Око силы. Четвертая трилогия (СИ) - Андрей Валентинов
Шрифт:
Интервал:
Закладка:
Генерал, не без труда отдышавшись, промокнул рот платком.
— Если можно, по-русски, по-здешнему так и не выучился. У нас в Архангельской гимназии «француз» из запоев, извиняюсь, не вылезал. А потом, в Санкт-Петербургском пехотном все больше на командный налегали… Накурено тут у вас!
— Комиссарская привычка, — не без сожаления вздохнула бывший замкомэск. — У нас некурящих на учете в ОГПУ держат, как особо подозрительный элемент.
«Купец первой гильдии» взглянул невесело.
— Шутите? А мне, знаете ли, грустно. Вы — дворянка, дочь полковника конных егерей. До чего докатиться изволили?
— Как поется в известной песне, «вышли мы все из народа», — согласилась кавалерист-девица. — А вас, гражданин генерал, из народа, можно сказать, вытурили. Аж до Франции катиться пришлось.
«Гражданина генерала» передернуло.
— «Вытурили»! Какой ужасный жаргон! Понимаю: фронт, одичание, постоянное общение с уголовным элементом… Но нельзя же до такой степени опускаться!..
— И не говорите! — Зотова, ловко открутив пробку с «Эйфелевой башни», точным движением плеснула граппу в рюмки. — По-французски я насчет здешней погоды выразилась. Ветер, сырость, простуда. Поэтому мы сейчас с вами, Александр Павлович, самогончику приговорим. Не пьянства проклятого ради, а лечения для.
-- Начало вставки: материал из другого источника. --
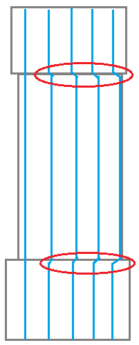 Ich bezweifle, dass Köperbindung (nicht Körper-) hier weiterhilft. Zunächst könnte man ja meinen, dass die Stufe zwischen Zusatzring und normaler Flasche das Problem ist, und dieser Absatz einfach zu groß. Ich hab bei Deinen Bildern allerdings eher den Eindruck, dass der Umfang an den Stellen mit den Zusatzringen größer ist als dazwischen, und sich die Glasfaser in diesen Bereichen dann wellt, um die gleiche Länge Glasfaser auf einem kleineren Rohr unterzubringen. Wenn Du das vermeiden möchtest, müssten sich die Fasern nach und nach auf dem Zwischenbereich verschieben und Du bekommst im Bereich des Absatzes Knicke in den Längsfasern. Das kann nicht besonders gut funktionieren.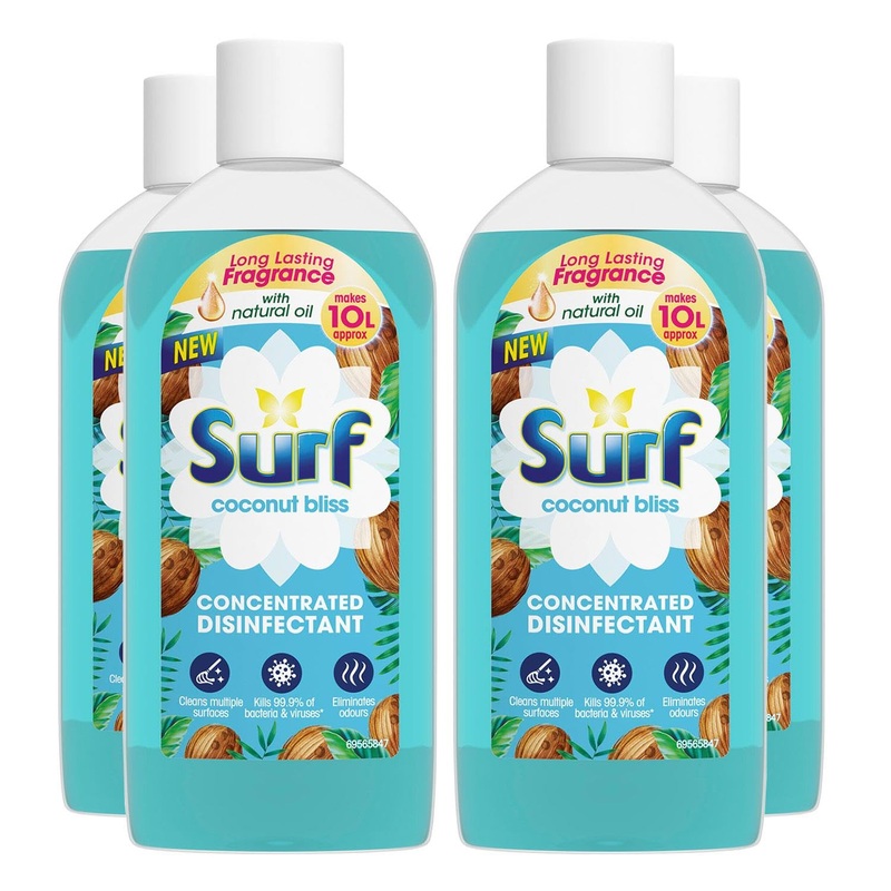 Looking for a way to keep your home hygienically clean while leaving it with a fresh and clean fragranceLook no further! Eliminate 99.9 of bacteria and viruses and leave surfaces with a long-lasting fragrance with Surf Passion Bloom, Coconut Bliss or Tropical Lily Concentrated Disinfectant. Featuring a powerful formula containing natural oil, this multi-purpose cleaner is perfect for cleaning almost any surface, so it can be used as a bathroom or kitchen cleaner to eliminate odours and keep your home wonderfully fresh. What’s more, this concentrated multi-purpose cleaner makes approximately 10 litres when diluted perfect for bigger households! Keeping your home wonderfully fresh and hygienically clean has never been easier with Surf Passion Bloom, Coconut Bliss or Tropical Lily Concentrated Disinfectant Liquid. Features: Surf Passion Bloom Concentrated Disinfectant has a long-lasting passion fruit, mango lychee fragrance Surf Coconut Bliss Concentrated Disinfectant has a long-lasting, fresh and clean coconut fragrance Surf Tropical Lily Concentrated Disinfectant has the long-lasting, gorgeous scent of one of nature’s most enticing flowers Our concentrated surface cleaner features a powerful formula containing natural oil This concentrated disinfectant makes approximately 10 litres (only use diluted) This multi-purpose cleaner is perfect for cleaning almost any surface around your home Our all-purpose cleaner eliminates 99.9 of bacteria and viruses while leaving surfaces fresh and clean With a powerful cleaning formula, this liquid disinfectant eliminates tough odours Box Contains: Surf Concentrated Disinfectant Multi-Purpose Cleaner, 240mlHow to Use: Apply onto surface, leave for 15 minutes and then wipe evenly with a damp cloth. Once diluted, use immediately. Do not store the diluted product. Keep the bottle closed. Before applying the product on delicate, new and unusual surfaces, test first on a small inconspicuous area. Always follow your appliance and surface manufacturers’ usage instructions. Do not use on painted wood, linoleum and marble. Long-Lasting Fragrance: Surf Concentrated Disinfectant has a long-lasting, fresh and clean Fruity and tropical fragrance keeping your home wonderfully fresh and hygienically clean has never been easier with Surf Tropical Lily Concentrated Disinfectant Liquid. Powerful Cleaning Formula: This concentrated multi-purpose cleaner makes approximately 10 litres when diluted perfect for bigger households! With a powerful cleaning formula, this liquid disinfectant even eliminates tough odours. Multi-Purpose Cleaner: Featuring a formula containing natural oil, this multi-purpose cleaner is perfect for cleaning almost any surface, so it can be used as a bathroom or kitchen cleaner to eliminate odours and keep your home wonderfully fresh. Surf Disinfectants: Looking for a way to keep your home hygienically clean while leaving it with a fresh and clean fragranceLook no further! Leave surfaces with a long-lasting floral fragrance with Surf Concentrated Disinfectant.

Прошу!..
Гость неуверенно протянул огромную ладонь, вновь закашлялся.
— Я, знаете, не сильно пьющий.
Ольга еле заметно улыбнулась. В бумаге, которую дал ей прочесть товарищ Куйбышев, про генеральскую личность было изложено со всеми подробностями. Французского не знает, не пьет, не курит, даже дыма не выносит… Нужная вещь — разведка!
— Я тоже — не сильно, — кавалерист-девица подняла рюмку. — Но по такой погоде — самое оно. Меньше кашлять будете. Помню, у нас в эскадроне тост был: «По коням! Пики к бою! Шашки вон!»
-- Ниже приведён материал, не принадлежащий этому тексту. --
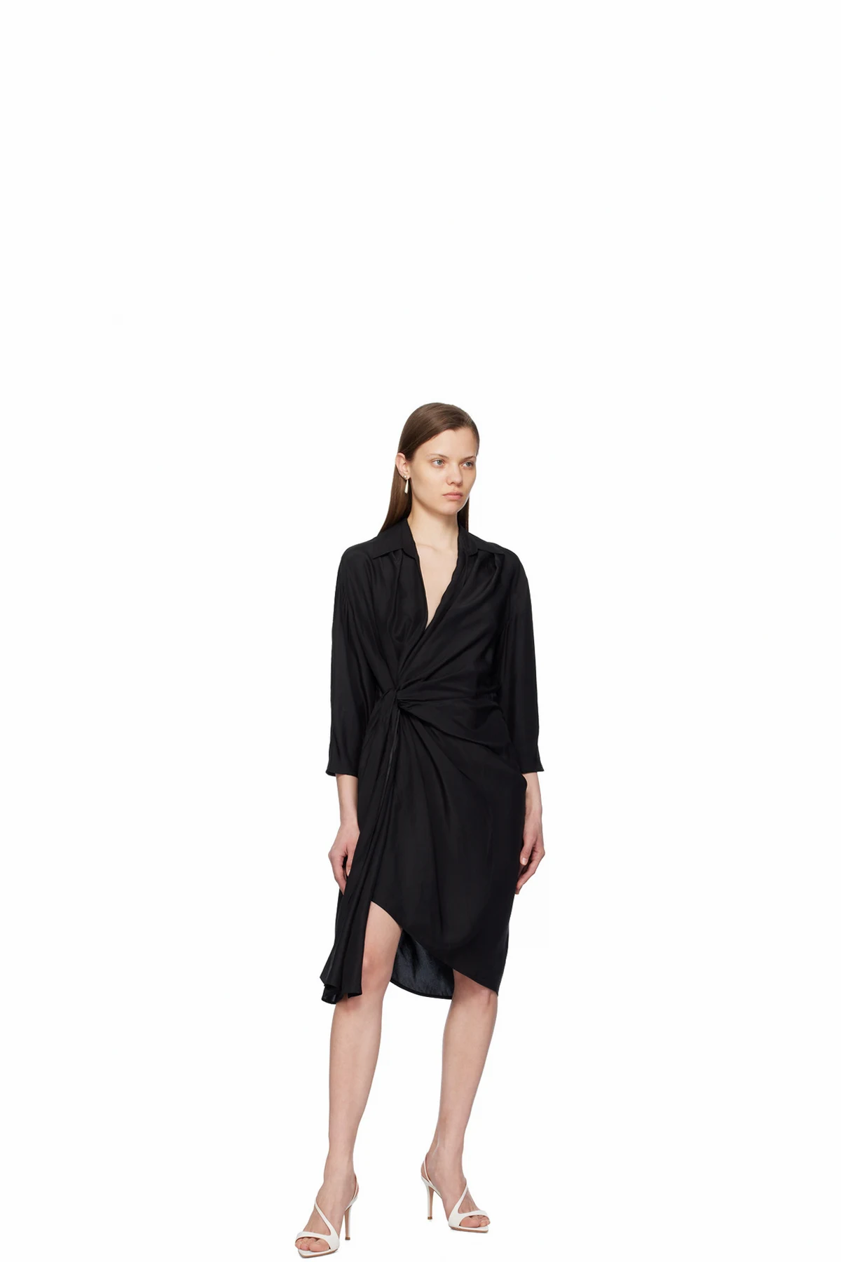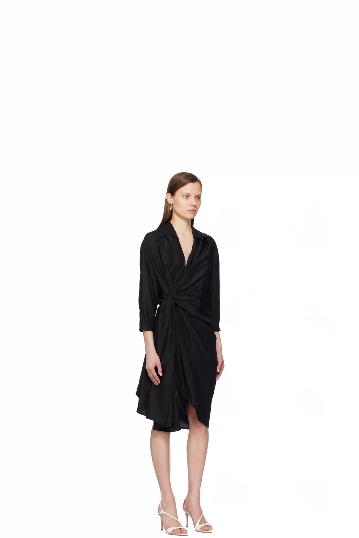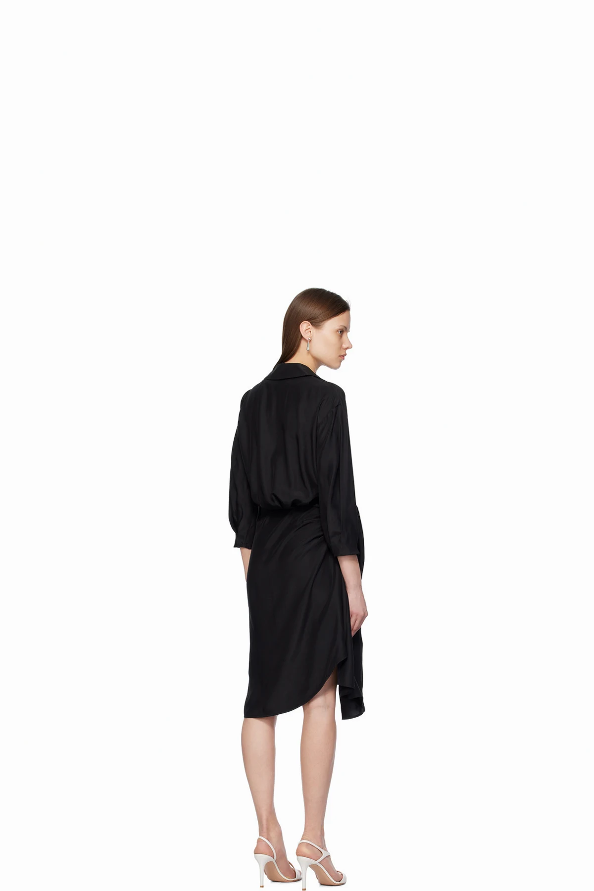 Silk crepe de chine dress. Pleats and gathering throughout.

Генерал внезапно усмехнулся в черную бороду:
— Пьется, стоя на вытяжку, выпятив грудь, вытаращив глаза и растопырив усы, за неимением оных — можно топорщить уши. Ладно, убедили. Здравия для!
Проглотил залпом, выдохнул резко, крякнул, залился густой краской до самой шеи.
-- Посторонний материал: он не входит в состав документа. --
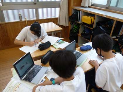 1年生の教室では「サメは胎生?」という話題で盛り上がっている班がありました。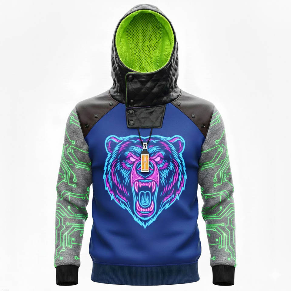 เสื้อฮู้ดผู้ชายไฮเทค ลายกราฟิกนีออนตรงกลางและลายวงจรบนแขนเสื้อ สไตล์ไซเบอร์พังก์สีสันสดใส

— А и вправду. Полегчало, вроде.
На этот раз бывший замкомэск усмешку прятать не стала. Не полегчало, ваше превосходительство, а повело. Еще пара рюмок — цыганочку плясать станете.
* * *
— …У Степаныча, у полковника Тимановского, фляга была знаменитая, — густым басом вещал Кутепов. — Как передышка, так господа офицеры в очередь выстраиваются, а Степаныч, добрая душа, из фляги всех и причащает. Спрашиваю его: «Чего, полковник, потребляешь?» Он отвечает: «Наливку клубничную». Против наливки, я возражать не стал, дело полезное и безопасное…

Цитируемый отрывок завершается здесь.